Role Overview
The Data Architect owns the end-to-end data strategy for the DRT Modernization program — a migration of internal DPP Recruiting Tool from Appian SaaS (MariaDB backend) to a cloud-native Azure stack (Azure SQL, Azure Data Factory, Azure Data Lake Storage). The role spans schema design, data migration planning, ETL architecture, and governance, working closely with .NET developers, integration engineers, and KPMG stakeholders.
Key Responsibilities
Lead the design of the target-state Azure SQL schema (50–60 tables across 10 schema groups: ask, nomination, due_diligence, interview, onboarding, notification, admin, employee, audit, lookup).Produce and own the Entity Relationship Diagram (ERD), data dictionary, and DDL scripts for Azure SQL.Define the data migration strategy (big-bang cutover) from MariaDB/Appian to Azure SQL including rollback plan.Architect Azure Data Factory (ADF) pipelines for inbound XML data feeds (SFTP/ADM DataBus) and outbound CSV exports to Clarity SaaS.Design the Azure Data Lake Storage landing-zone structure (raw, cleansed, processed zones).Reverse-engineer and rewrite 20+ MariaDB stored procedures and views into T-SQL / ADF Data Flows.Establish data validation and reconciliation framework to confirm migration completeness (<2 GB, 5+ years of history).

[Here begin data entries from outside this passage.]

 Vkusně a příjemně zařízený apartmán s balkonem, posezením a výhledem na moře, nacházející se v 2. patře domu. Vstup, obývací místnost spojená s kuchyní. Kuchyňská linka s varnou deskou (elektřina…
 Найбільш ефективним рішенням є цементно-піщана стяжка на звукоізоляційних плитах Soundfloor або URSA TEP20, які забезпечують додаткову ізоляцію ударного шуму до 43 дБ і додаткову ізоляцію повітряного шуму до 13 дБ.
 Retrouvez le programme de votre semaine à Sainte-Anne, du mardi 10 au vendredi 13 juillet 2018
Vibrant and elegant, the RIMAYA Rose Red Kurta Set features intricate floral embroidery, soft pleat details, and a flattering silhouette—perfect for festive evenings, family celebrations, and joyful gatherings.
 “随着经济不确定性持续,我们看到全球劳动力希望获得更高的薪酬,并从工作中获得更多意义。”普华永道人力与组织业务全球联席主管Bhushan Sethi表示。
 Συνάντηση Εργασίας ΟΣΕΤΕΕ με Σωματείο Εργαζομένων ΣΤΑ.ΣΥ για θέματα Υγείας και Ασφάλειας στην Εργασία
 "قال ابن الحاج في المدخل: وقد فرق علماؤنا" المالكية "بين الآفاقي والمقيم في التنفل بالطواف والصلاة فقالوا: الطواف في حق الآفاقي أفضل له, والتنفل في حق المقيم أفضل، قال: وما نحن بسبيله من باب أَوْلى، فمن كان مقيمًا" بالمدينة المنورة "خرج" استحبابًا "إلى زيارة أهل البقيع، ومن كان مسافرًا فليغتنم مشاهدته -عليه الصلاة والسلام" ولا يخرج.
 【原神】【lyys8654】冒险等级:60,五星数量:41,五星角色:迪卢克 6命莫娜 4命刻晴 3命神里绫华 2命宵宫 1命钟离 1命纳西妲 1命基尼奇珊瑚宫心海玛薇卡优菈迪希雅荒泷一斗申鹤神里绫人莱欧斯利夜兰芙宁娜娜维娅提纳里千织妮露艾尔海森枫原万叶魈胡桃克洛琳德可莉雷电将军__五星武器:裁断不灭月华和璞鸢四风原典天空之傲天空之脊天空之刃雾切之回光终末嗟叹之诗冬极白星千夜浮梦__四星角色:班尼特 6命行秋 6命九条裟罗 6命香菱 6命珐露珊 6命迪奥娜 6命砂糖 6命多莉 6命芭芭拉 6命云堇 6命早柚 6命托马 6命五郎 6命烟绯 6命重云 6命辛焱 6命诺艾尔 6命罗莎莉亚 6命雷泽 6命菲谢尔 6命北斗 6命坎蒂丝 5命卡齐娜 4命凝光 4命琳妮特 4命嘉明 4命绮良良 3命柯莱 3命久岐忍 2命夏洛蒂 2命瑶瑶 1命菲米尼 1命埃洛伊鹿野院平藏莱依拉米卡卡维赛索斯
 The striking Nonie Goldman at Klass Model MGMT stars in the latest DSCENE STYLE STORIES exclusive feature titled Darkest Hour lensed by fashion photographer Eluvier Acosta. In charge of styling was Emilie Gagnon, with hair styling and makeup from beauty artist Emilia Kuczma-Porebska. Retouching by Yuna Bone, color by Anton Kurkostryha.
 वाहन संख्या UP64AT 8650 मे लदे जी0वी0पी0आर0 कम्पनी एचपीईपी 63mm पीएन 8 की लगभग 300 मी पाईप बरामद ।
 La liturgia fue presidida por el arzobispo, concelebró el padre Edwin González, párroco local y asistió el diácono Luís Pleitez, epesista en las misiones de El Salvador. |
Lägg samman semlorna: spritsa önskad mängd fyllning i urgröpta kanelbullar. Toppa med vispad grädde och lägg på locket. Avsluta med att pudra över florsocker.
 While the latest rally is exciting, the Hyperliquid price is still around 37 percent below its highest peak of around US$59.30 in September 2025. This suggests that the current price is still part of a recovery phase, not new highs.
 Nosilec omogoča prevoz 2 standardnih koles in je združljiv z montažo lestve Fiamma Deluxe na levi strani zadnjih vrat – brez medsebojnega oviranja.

Define partitioning, soft-delete, and archival patterns to meet the 7-year KPMG data-retention policy.Collaborate with .NET team to define ORM conventions (Entity Framework Core / Dapper) and query performance standards.Review and approve data-tier pull requests; provide technical governance across data deliverables.Identify and mitigate data risks: undocumented SP logic, Appian audit-trail extraction, in-flight workflow states at cutover.Present architecture decisions and trade-offs to KPMG stakeholders and obtain sign-off.
Must Have
- Azure SQL Database — hands-on schema design, T-SQL, performance tuning, indexing strategies.
- Azure Data Factory (ADF) — building and operationalising complex pipelines — Copy Activity, Data Flows, SFTP connectors, XML/CSV transformations.
- Azure Data Lake Storage (ADLS Gen2) — landing-zone design, directory structure, access tiers.
- Data Migration — designing and executing large-scale schema migrations with reconciliation validation and rollback planning.
- Stored Procedure & View Migration — reverse-engineering and rewriting RDBMS stored procedures (MariaDB → T-SQL or equivalent).
- Enterprise Data Modeling — normalised relational schemas, ERDs, and data dictionaries for complex multi-domain applications.
- Cloud Data Architecture — end-to-end reference architectures on Azure (ingestion → store → serve).
- Stakeholder Communication — translating complex data designs into clear documentation for non-technical business stakeholders.
- SQL Performance & Governance — query optimisation, indexing, query-store analysis, schema-level security.
Nice to Have
- Experience with Appian SaaS platform data extraction or low-code-to-pro-code migration projects.
- Familiarity with MariaDB / MySQL syntax and data type mappings to SQL Server / Azure SQL.
- Knowledge of Azure Service Bus or event-driven integration patterns for workflow orchestration.
- Experience with Azure Key Vault, Azure Monitor, and Application Insights for data platform observability.
- Understanding of Azure Active Directory / KPMG SSO patterns for data access control.
- Exposure to EF Core / Dapper and how ORM patterns interact with relational schema design.
- KPMG or Big-4 professional services or financial services sector background.
- Familiarity with KPMG's DataBus / ADM integration ecosystem.
- Azure Data Engineer Associate (DP-203) or Azure Solutions Architect Expert certification.
Soft Skills & Ways Of Working
- Proven ability to make pragmatic architectural trade-offs (e.g., shared-DB vs. DB-per-service for current scale).
- Strong written communication — able to produce architecture documents, ADRs, and data dictionaries independently.
- Collaborative: comfortable aligning with KPMG architects, .NET leads, and QA teams simultaneously.
- Detail-oriented: able to track 50+ table dependencies, foreign-key chains, and migration sequencing.